## Data Wrangling

source of data: https://nces.ed.gov/EDAT/Data/Zip/HSLS_2016_v1_0_CSV_Datasets.zip

source of layout data: https://nces.ed.gov/EDAT/Data/Zip/HSLS_2016_v1_0_CodeBook_Layout.zip

In [2]:
import pandas as pd
import numpy as np

The csv file is quite large, but not so large that it can't fit in memory, however, it fits in much more easily if we take away some of the columns that won't be useful to the analysis right away. These include columns that are suppressed for public use due to privacy concerns, columns that include statistical weights used to create accurate aggregates of the data, and columns indicating where values have been imputed.

Though these other columns, particularly the weights, will be used later, here we initially only extract the data columns so that we can read in a table in a reasonable amount of time.

In [7]:
#create variables for file locations
filepath = '/Users/chrismalec/Documents/Springboard/CapstoneProjectOne/'
studentdatafile = 'HSLS_2016_v1_0_CSV_Datasets/hsls_16_student_v1_0.csv'
studentcodebookfile = 'HSLS_2016_v1_0_CodeBook_Layout/Layout_STUDENT.txt'
schooldatafile = 'HSLS_2016_v1_0_CSV_Datasets/hsls_09_school_v1_0.csv'
#import a small sample of the file
with open(filepath+studentdatafile) as file:
    student_df = pd.read_csv(file,nrows = 10)
    file.close()

#Remove columns with '-5' and create list of column names removed.
#Create separate list of columns for weighting and imputation.
#The remaining columns will constitute the database.
student_suppressed_columns = []
student_weight_columns = []
student_imputed_columns = []
student_columns = []
for column in student_df.columns:
    if (student_df[column] == -5).all():
        student_suppressed_columns.append(column)
    elif column[0] == 'W':
        student_weight_columns.append(column)
    elif column[-2:] == 'IM':
        student_imputed_columns.append(column)
    else:
        student_columns.append(column)

In [8]:
#Import the selected columns from the file for all rows.
with open(filepath+studentdatafile) as file:
    student_df = pd.read_csv(file,usecols = student_columns)
    file.close()

There are several variables that indicate the students' dropout status and whether or not they have ever dropped out. This variable was chosen as the label because it indicated the outcome of the student as stated on their transcript four years after the ninth grade study. Other columns may be removed later due to high (trivial) correlation with the label.

In [9]:
#Create series of labels and remove it from the dataframe.
labels = student_df.pop('X3TOUTCOME')

As the project moves forward, it will be convenient to easily move between the numbers that denote various responses to the surveys and the human readable responses that the number represent. For example, the column 'S1ABILITYBA' represents a response to whether the '9th grader thinks he/she has the ability to complete a Bachelor's degree.' The possible answers are coded in the data table as 1,2,3,4,-8, and -9 which correspond to "Definitely not", "Probably not", "Probably", "Definitely", "Unit non-response", and "Missing."

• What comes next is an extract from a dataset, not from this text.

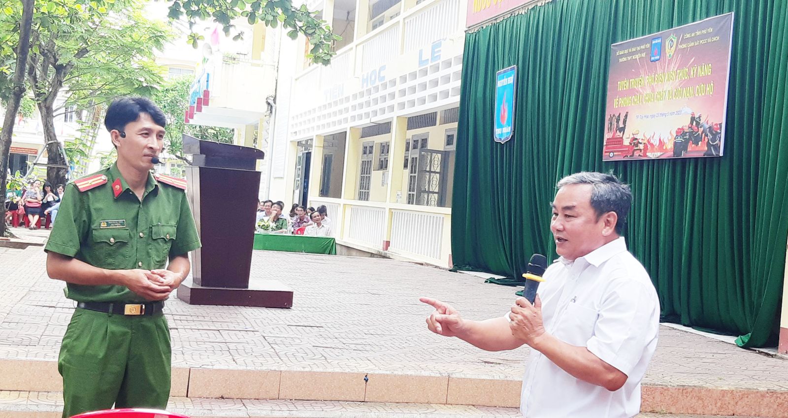 Thầy Nguyễn Văn Thuyền phó hiệu trưởng nhà trường phát biểu giao lưu cùng cán bộ Cảnh sát PCCC tại buổi tuyên truyền

I create a dictionary from the documentation so that I can type student_value_labels['S1ABILITYBA']['4'] and obtain "Definitely" for use as a label in a graph or figure. Similarly, I include the description of the variable under the key 'desc'.

In [10]:
#create dictionary from the student codebook
#Start creating dictionary.
student_value_labels = {}
coded_columns = student_columns + student_imputed_columns + [labels.name]
with open(filepath+studentcodebookfile,'r') as file:
    #Reads file until it reaches the descriptions
    for line in file:
        if '/* Variable Names, Locations, and Descriptions */' in line:
            break
    
    #Takes first ASCII column and associates it with a data column
    for line in file:
        if len(line.split()) > 0:
            new_key = line.split()[0].strip()
        
        #places description in dictionary under 'desc'
        #reads until the value labels are reached
        if new_key in coded_columns:
            student_value_labels[new_key]={}
            desc = ' '.join(line.split()[2:])
            student_value_labels[new_key]['desc'] = desc
        elif '/* Variable Value Labels */' in line:
            break
        else:
            continue
    
    #key places additional key value pairs to specify the response associated with the number in the data table.       
    for line in file:
        if line.strip() in student_value_labels.keys():
            key = line.strip()
        #this comes up for some reason, not sure why there is a column or two that has no description but has a value mapping.
        elif line.strip() in coded_columns:
            key = line.strip()
            student_value_labels[key]={}
        elif line.strip()[:2] == '-5':
            continue
        elif line.strip() in student_suppressed_columns:
            continue
        elif line.strip() in student_weight_columns:
            continue
        #unambiguous end of file
        elif line == '':
            break
        else:
            key_value = line.split('=')
            student_value_labels[key][key_value[0].strip()] = key_value[1].strip()
file.close()

All negative numbers are missing data. The different values denote reasons for that the data is missing, which I can load from the original data if it turns out to be useful. I replace them with an nan value to assist in future data operations.

In [11]:
#replace negative numbers with nan
student_df = student_df.replace([x for x in range(-9,0)],np.nan)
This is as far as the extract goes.